На автопилоте он доезжает до Хакни, чтобы пересесть там на другой автобус, идущий до Ливерпул-стрит. Сжимая в руках набитую деньгами сумку, он страдает от мании преследования и растерянности. Каждый встречный кажется ему потенциальным грабителем или уличным хулиганом. Стоит Рентону увидеть чёрную кожаную куртку, похожую на ту, которую носит Бегби, как кровь застывает у него в жилах. Приближаясь к Ливерпул-стрит, он даже начинает подумывать о том, чтобы вернуться обратно, но, засунув руку в сумку и нащупав там пакет с банкнотами, приходит в себя. Доехав до цели, он заходит в филиал «Эбби нэшнл» и добавляет девять тысяч наличными к своему счету, на котором уже лежит двадцать семь фунтов тридцать два пенса. Кассир даже бровью не поводит. В конце концов, это — Сити.

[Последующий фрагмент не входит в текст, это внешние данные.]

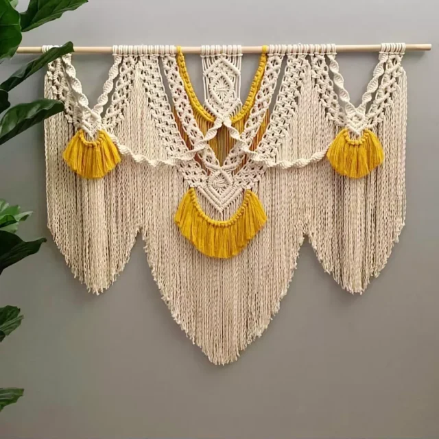Elevate your living room or bedroom with our stunning Yellow Large Macrame Wall Hanging Tapestry. Handwoven with love and crafted from 100% high-quality cotton rope, this eye-catching tapestry combines creamy-white and yellow hues to bring warmth and vibrancy to any room. Perfect for creating a cozy atmosphere or as a striking background decoration, this tapestry effortlessly blends into both modern and traditional home decor.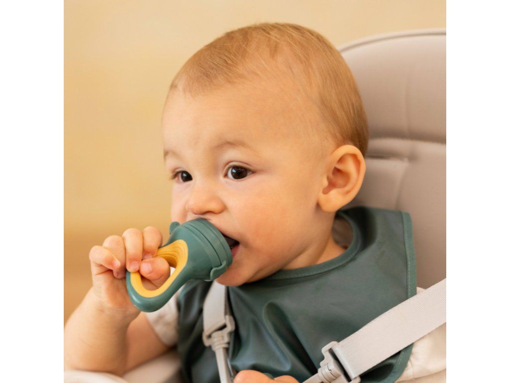 PETITE&MARS Cumlík silikónový na kŕmenie Fruzi Green&Ochre 6m+

Оставшись всего с семью тысячами, Рентой чувствует себя сразу гораздо лучше. Он отправляется на железнодорожную станцию и покупает билет туда и обратно до Амстердама, намереваясь использовать его только в одну сторону. Он смотрит, как за окном проносится графство Эссекс и как бетон и кирпич сменяются пышными лугами по мере того, как поезд приближается к Харвиджу. На набережной Паркинсон ему приходится ждать ещё целый час парома, отплывающего в Хук-ван-Холланд. Для него это не проблема — торчки ждать умеют. Несколько лет назад он работал на этом самом пароме стюардом. Он надеется, что никто его не вспомнит.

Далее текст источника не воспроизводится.